Michael Tryon, directeur général de Canadian Parents for French pour l’Alberta et les TNO, dit comprendre les contraintes auxquelles font face les conseils scolaires, surtout lorsque les effectifs sont faibles. Il rappelle toutefois que, dans certaines communautés, l’immersion peut représenter la seule option éducative en français pour certaines familles.

Inclusion, mais pas immersion

La disparition de l’immersion à Fort Smith arrive aussi au moment où le gouvernement territorial promet au moins 30 millions de dollars pour stabiliser l’inclusion scolaire. Interrogé par Médias ténois sur la possibilité que ce financement aide les organismes scolaires à préserver certains programmes ou services en français, le ministère de l’Éducation répond toutefois que ce n’est pas l’objectif de cette enveloppe. « Non, ce financement n’est pas alloué aux programmes ou aux services en français », indique le ministère.

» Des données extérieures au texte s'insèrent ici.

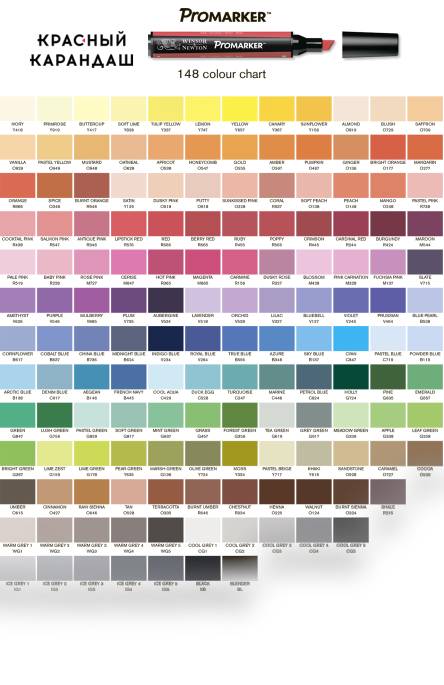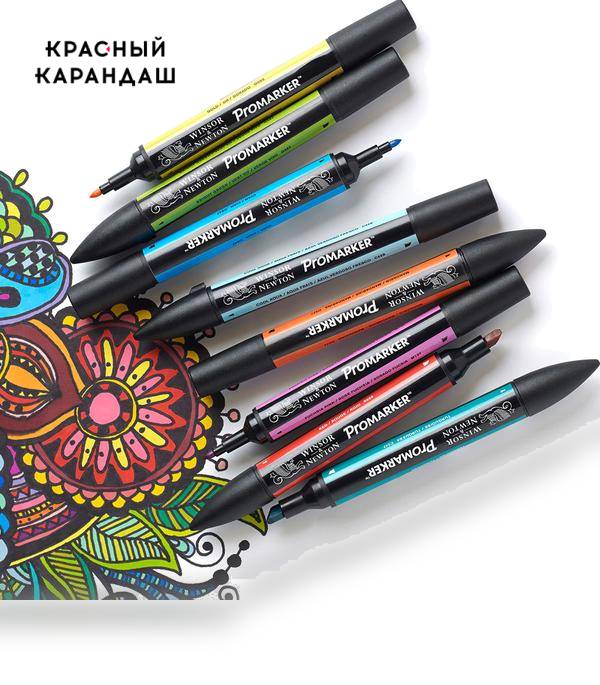 Маркеры ProMarker заправлены перманентными чернилами на спиртовой основе. Такие маркеры — уникальный инструмент для иллюстраторов, студентов и просто творческих людей. Серия ProMarker обладает широкой палитрой цветов, начиная от пастельных до самых ярких. Маркеры обладают двумя наконечниками — пулевидный и скошенный (2мм/7мм). Объема одного маркера хватает на сплошное закрашивание 2,7 листов формата А3. Полупрозрачные чернила отлично смешиваются между собой. Так же можно накладывать один слой на другой, расширяя количество оттенков. Маркеры ProMarker представлены поштучно палитрой из 148 цветов и в наборах различной комплектации. Маркеры ProMarker («ПроМаркер») изготавливается английской компанией Winsor&Newton («Винзор энд Ньютон»), которая работает на рынке художественных товаров с 1832 года. Компания получила название в честь основателей – химика Уильяма Винзора и художника Генри Ньютона. Winsor&Newton – одна из известнейших компаний на художественном рынке, ассортимент которой представлен не только художественными красками, но и материалами для графических и каллиграфических работ, а также вспомогательными средствами для живописи.
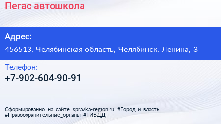 Пегас, автошкола по адресу 456513, Челябинская область, Челябинск, Ленина, 3 в дальнейшем Организация, размещена в следующих категориях:
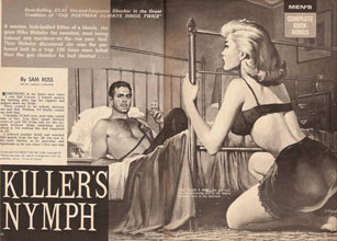 April 1965 - title page & second-page illustration for "Killer's Nymph" (READY FOR THE TIGER) by Sam Ross. Later small drawings are by a different artist.

Selon le ministère, ces fonds doivent plutôt stabiliser les soutiens destinés aux élèves ayant besoin d’aide pour accéder à l’éducation, notamment par des assistants aux élèves, des enseignants de soutien aux programmes, des services de santé mentale, des soutiens spécialisés et des services thérapeutiques ou de réadaptation. Les programmes en français, précise-t-il, continuent d’être soutenus par d’autres cadres, dont l’Entente Canada–Territoires du Nord-Ouest relative à l’enseignement dans la langue de la minorité et à l’enseignement de la langue seconde.

Pour la CSFTNO, ces investissements devraient néanmoins tenir compte des besoins particuliers des élèves francophones. « Il est essentiel que les nouveaux investissements permettent non seulement de répondre aux besoins généraux en inclusion scolaire, mais aussi de corriger les inégalités d’accès vécues par les élèves francophones », affirme M. Rouleau.